Govt proposes to slap Rs10b taxes on salaried class

Gives Rs2b relief to PSX by taxing salaried class’ medical expenses

Shahbaz Rana June 14, 2021


The government has quietly proposed Rs10 billion taxes on salaried class by slapping income tax on their expenditures on medical treatment, various allowances and their savings in provident and pension funds.

In order to give effect to Rs10 billion taxes, the government has omitted a minimum of six clauses from the second schedule of the Income Tax Ordinance through the Finance Bill 2021 that it laid before parliament on Friday.

But Finance Minister Shaukat Tarin told The Express Tribune on Sunday that he has asked the Federal Board of Revenue to reconsider the budget proposals affecting the salaried class. The reply of the FBR Chairman Asim Ahmed was awaited till the filing of the story.

The finance minister had vowed that he would protect the salaried people from the tax burden and refused to accept the International Monetary Fund’s (IMF) condition to change the slab rates for the salaried class. However, the salaried class has been hit by the decision of taxing their allowances and savings. While speaking at the launching ceremony of the Economic Survey, Tarin had said that the IMF demanded to slap Rs150 billion taxes on the salaried class.

It seems that the FBR’s top hierarchy has not taken the finance minister into full confidence before proposing legal changes.

The government has already withdrawn Rs100 billion worth of taxes that it wanted to collect from the next fiscal year by introducing taxes on use of cellular networks and internet data.

The Finance Bill 2021 showed that the government omitted Clause 139 of the Ordinance that deals with giving exemptions on employees’ medical reimbursement. This has been done to generate Rs1.82 billion revenue.

The Rs1.8 billion revenue impact is lower than Rs2 billion revenue loss that the government would sustain due to proposed reduction in the capital gains tax (CGT) on trade of securities at the stock market. The government has reduced the CGT rate from 15% to 12.5%.
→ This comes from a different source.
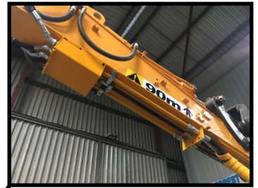
Harvadig quick release hose system. Change between attachments in just 5 minutes

“The benefit represented by free provision to the employee of medical treatment or hospitalization or both by an employer or the reimbursement received by the employee of the medical charges or hospital charges or both paid by him, where such provision or reimbursement is in accordance with the terms of employment: any medical allowance received by an employee not exceeding 10% of the basic salary of the employee if free medical treatment or hospitalization or reimbursement of medical or hospitalization charges is not provided for in the terms of employment,” Clause 139 that has been proposed to be omitted reads.

“The only benefit of medical reimbursement or free medical facility left with salaried class is intended to be withdrawn by the federal government,” Dr Ikramul Haq, Pakistan’s renowned tax expert, said.

Haq said that without increasing slab rates, the government has tacitly increased tax burden of 57%, in case an employee received major medical treatment like heart surgery.

The government has also withdrawn income tax exemption that is available to Pakistani seafarer, working on Pakistan flag vessels for 183 days or more during a tax year to collect additional Rs67 million revenue.
In a bid to generate Rs7 billion additional revenue from the salaried persons, the government has slapped 10% tax on provident fund contributions exceeding Rs500,000.

The profit on debt exceeding Rs500,000 shall be chargeable to tax @ 10% as a separate block of income and the person making payment shall deduct tax at the said rate.

Similarly, the receipts from the provident funds above Rs500,000 have also been taxed at the rate of 10% as separate block of income.

The government has also proposed an amendment in Clause 23C of the second schedule to tax the pension funds for the sake of Rs148 million. “The profit on debt (from pension funds) shall be chargeable to tax at the rate of 10% as separate block of income.”

To recover another Rs1 billion from the salaried people, the government has proposed to omit Clause 39 from the second schedule to take special allowances of the employees, except entertainment and conveyance allowances.

Any income of a newspaper employee representing Local Travelling Allowance paid in accordance with the decision of the Third Wage Board for Newspaper Employees constituted under the Newspaper Employees (Conditions of Service) Act, 1973 will also be taxed.

The government has omitted Clause (53A) to tax free or subsidised food provided by hotels and restaurants to its employees during duty hours; free or subsidised education provided by an educational institution to the children of its employees; free or subsidised medical treatment provided by a hospital or a clinic to its employees.

This measure will generate Rs135 million annually.